Afghanistan 50 Years Ago (Part 2)

Khyber Pass

Further to my recent blog on Afghanistan, I have come across some more old photos of Pakistan and Afghanistan while sorting through the belongings of my mother, who sadly passed away recently.

Here are the Afghan pics from the period 1970-71. They are photos of slides projected on a wall so the resolution is not great but they have a certain vintage quality to them.

Jamil Hotel, Kabul 1970

The Jamil Hotel in Kabul. I don’t know if it is the same place but this is what Lonely Planet says about Jamil Hotel in its latest Kabul guide: ‘This hotel was popular with backpackers until recently, when the police banned it from accepting foreign guests. Rooms have en suite, and although there is sometimes a problem with the water, the management should keep you supplied with buckets.’ Fortunately my parents did not stay there!

Oops!

No sure if this is Afghanistan or Pakistan. Both had equally high incidence of traffic accidents due to overloading, poor maintenance, dangerous roads and lack of driver training.

Typical scenery.
Khyber Rifles

The Khyber Rifles was set up as an auxiliary unit of the British Indian Army to help control the lawless North West Frontier province. After independence, they became part of the Pakistan Army. This is their headquarters, Shagia Fort, near Ali Masjid in Pakistan, photographed by my parents on their way to Afghanistan via the Khyber Pass.

Salang Pass?

The average altitude of Afghanistan is around 4,000 ft but climbs to as much as 20,000 ft in the Hindu Kush mountain range. This looks like a mining or quarrying settlement. And yes, that’s snow in the distance.

Salang Tunnel

This is the anti-avalanche gallery at the approach to the Salang Tunnel cutting through the Hindu Kush mountains about 60 miles north of Kabul. At the time this photo was taken it was the highest road tunnel in the world at an altitude of 11,200 ft. It was built in 1964 by the Soviet Union as part of the Soviet-Afghan Friendship Treaty. It came in handy when the Soviets invaded Afghanistan fifteen years later. The date on the tunnel reads 1343 which corresponds to our 1964. Afghanistan, like Iran, uses the Solar Hijri calendar, unlike most other Muslim countries which recognise the Lunar Hijri calendar.

Kabul 1970.
Desolate mountains and fertile valley. Nice artistic photos by my Mum.

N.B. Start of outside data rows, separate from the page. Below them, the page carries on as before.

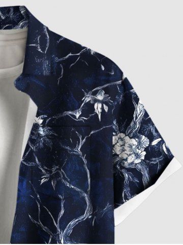 Plus Size Skull Tree Flower Print Hawaii Button Pocket Shirt For Men - Blue - 6xl
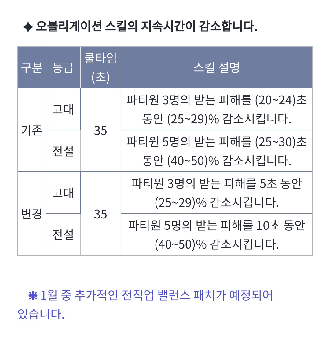 오버밸런스로12월18일패치되었던 오블리게이션 지속시간이 다시원상복구되었습니다
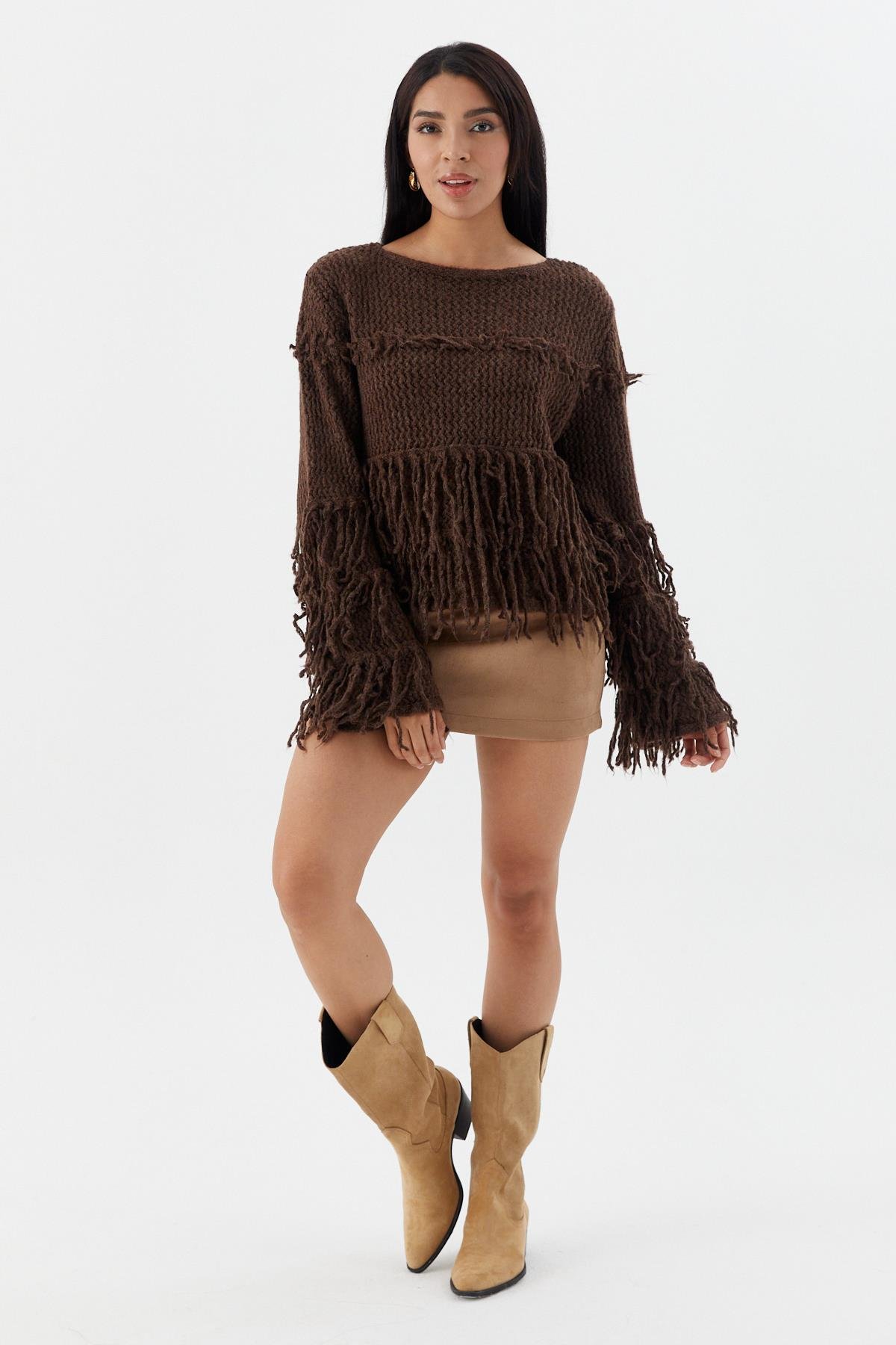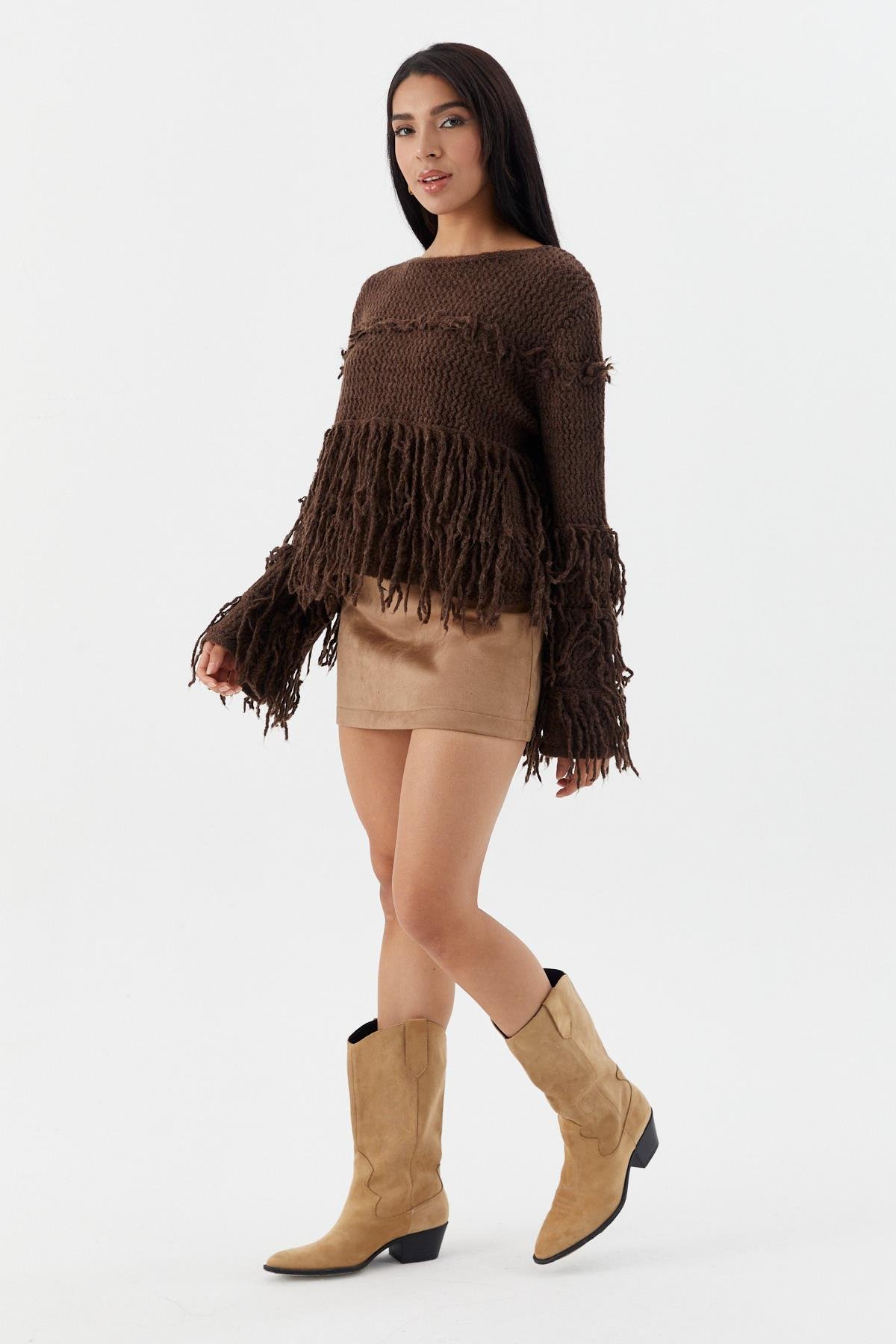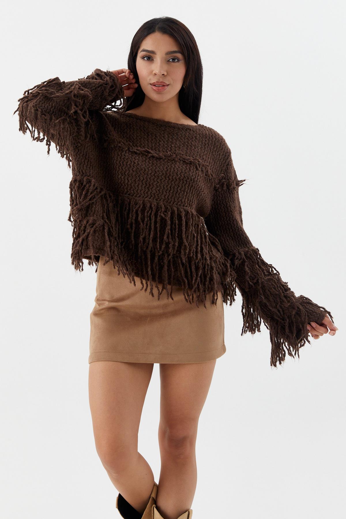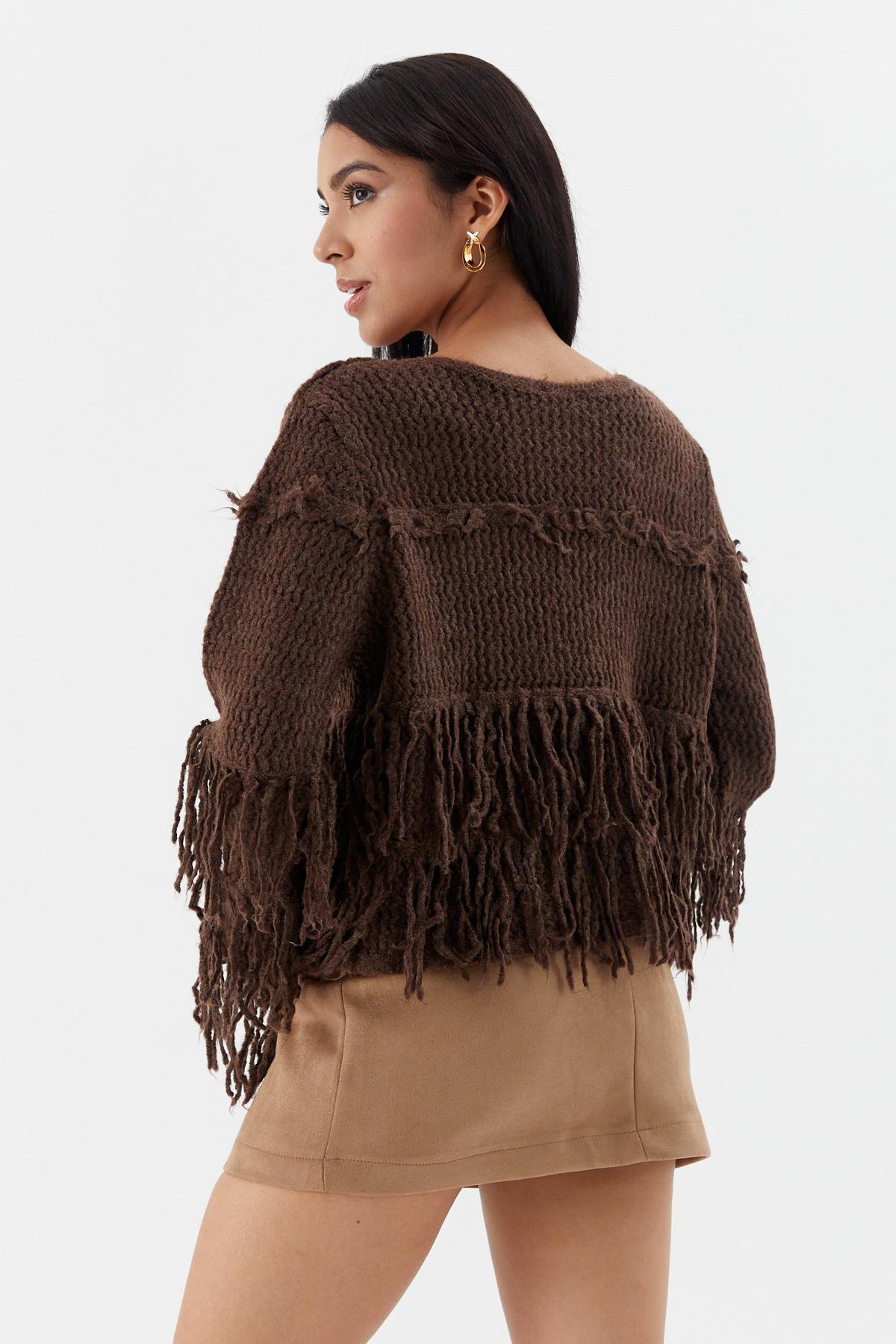 Püsküllü Crop Kazak ACI KAHVE (WTRI012P0069_023)
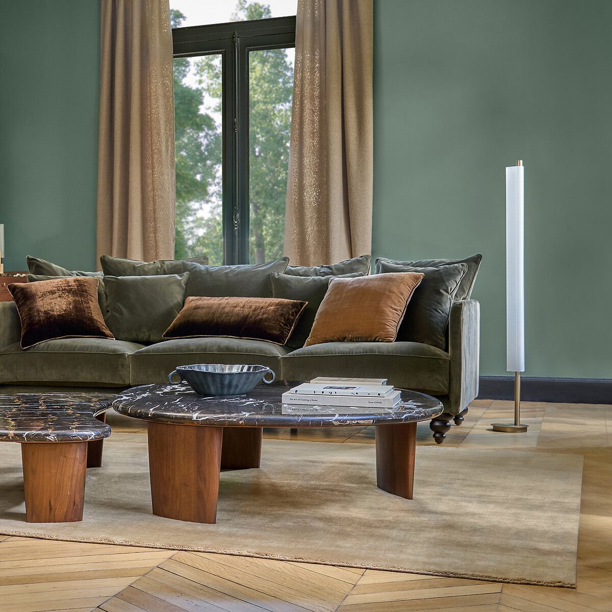 Кашемир из шерсти исключительного качества — невероятно мягкий на ощупь и очень теплый. Шелковистый, но не блестящий, на нем переливаются цвета. Каждый ковер имеет свои оттенки, которые меняются в зависимости от направления велюровой ткани. Такая техника производства придает ему его пышность и плотность. Для декора на долгие годы.
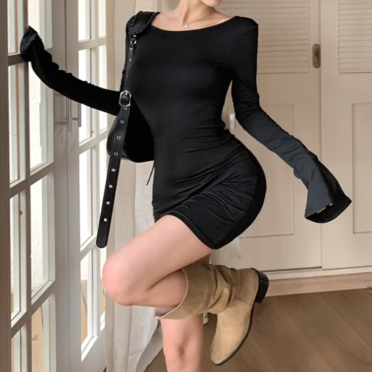 Backless Lace-Up Long-Sleeve Slim Fit Black Dress
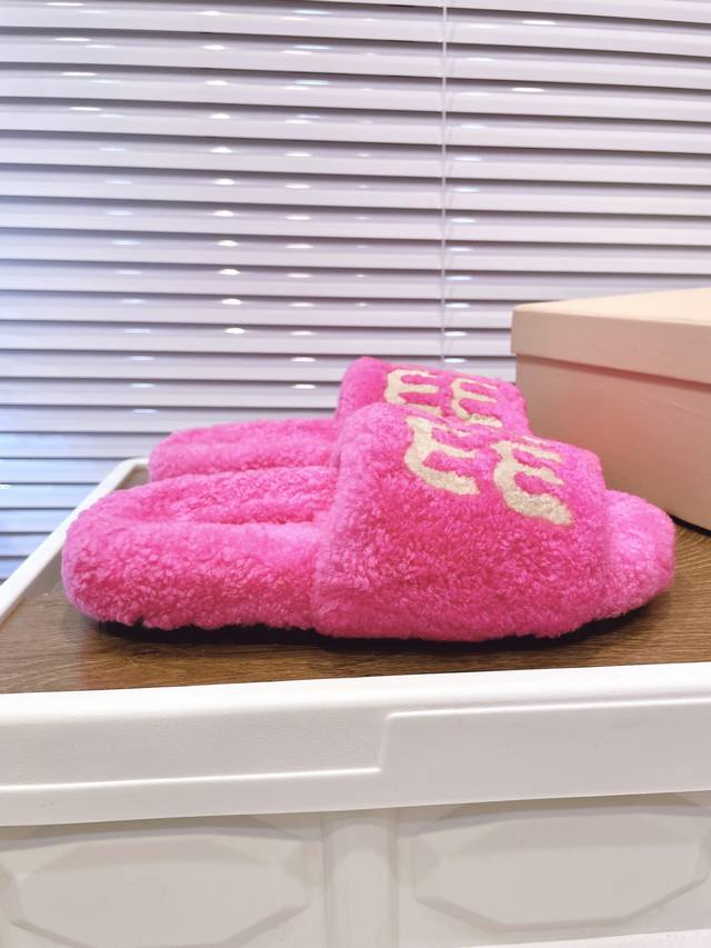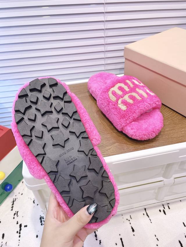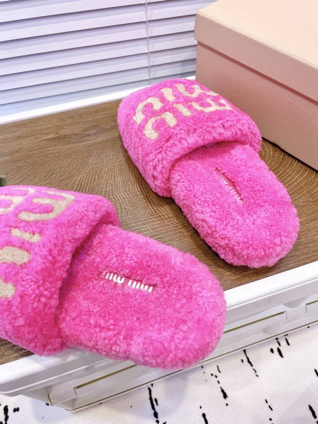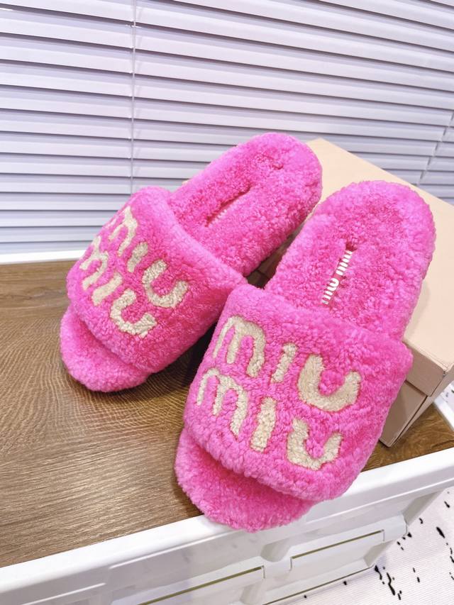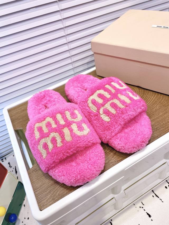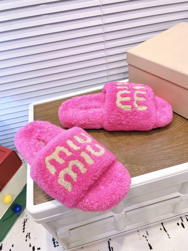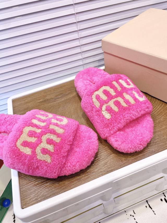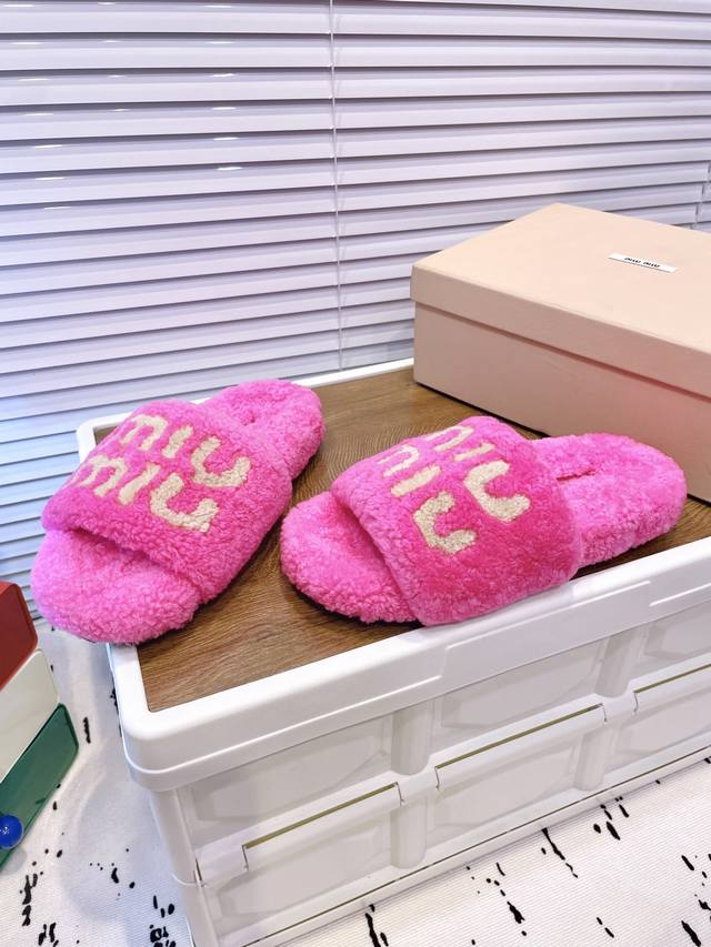 Miumiu|秋冬新品毛毛拖 居家还是外穿都是百搭时髦单品,秋冬搭配袜子,太好看了吧 鞋面进口澳洲真羊毛内里垫脚羊毛,原版防滑橡胶大底! Size:35-39

I’ll write something about Pakistan in my next post.

2 thoughts on “Afghanistan 50 Years Ago (Part 2)”

  1. Thanks for the second Afghanistan article, and the many evocative photos. Most interesting but evidently, from what we are to believe, much of a catastrophe now for the souls who live there. I am sorry to hear about the demise of your mother. It does mean that we benefit from a rummage through her papers and photos and that you have renewed memories from childhood days. Thank you again. I hope that happier times are ahead for you soon.